Compared with the PCPT (Prostate Cancer Prevention Trial) risk score alone, the combination of this score with the T2:ERG score more accurately identified men who had prostate cancer (area under the curve, 0.75 vs. 0.65).

Dr. Wei noted that at cutoff scores of 100 and 200, the T2:ERG assay had high specificity for distinguishing between patients with and without cancer (88%–93%), with biopsy-significant and -insignificant cancer (85%–95%), and with prostatectomy-significant and -insignificant cancer (95%–100%).

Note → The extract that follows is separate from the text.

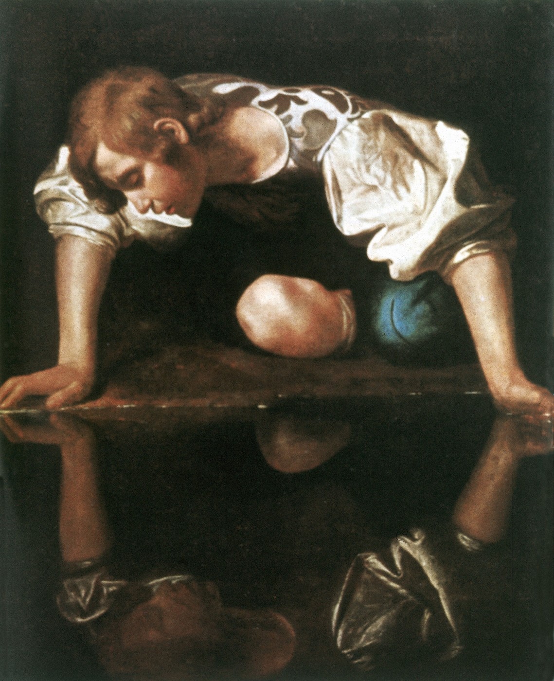 „Očima punim ljubavi posmatra svoj lik u vodi, mami ga, zove, pruža ruke ka njemu. Naginje se nad ogledalo vode da poljubi svoj lik, ali ljubi samo studenu, bistru izvorsku vodu. Narcis je sve zaboravio; on ne odlazi sa izvora; ne odvajajući se od njega, divi se samom sebi, svojoj lepoti.“

Independent trials of the assay are needed, Dr. Wei acknowledged.

In the second study, investigators tested the same T2:ERG assay using urine specimens that were collected after digital rectal examination from 471 men who were scheduled for prostate cancer biopsy at community clinics, according to Dr. James B. Amberson.

Some 44% of patients had positive biopsies, he reported. The median age was 66 years in the patients with cancer and 63 years in the patients without it. The median serum PSA level was 5.0 and 4.3 ng/mL, respectively.

When used alone, the T2:ERG score had a high specificity (87%) for detection of biopsy-proven cancer, reported Dr. Amberson, divisional medical director of Dianon Systems Inc., the manufacturer of another test that was also used in the study. Sensitivity was 39%.

The median T2:ERG score was higher in patients who had a Gleason score of 7 or greater, involvement of more than 50% of positive cores by cancer, and three or more positive cores.

“The T2:ERG assay significantly improved the diagnostic accuracy of a logistic regression model” for prostate cancer detection, said Dr. Amberson.

Dr. Wei and Dr. Amberson reported receiving research funding from Gen-Probe Inc. Some coauthors of both studies disclosed employment or leadership roles and stock ownership in Gen-Probe.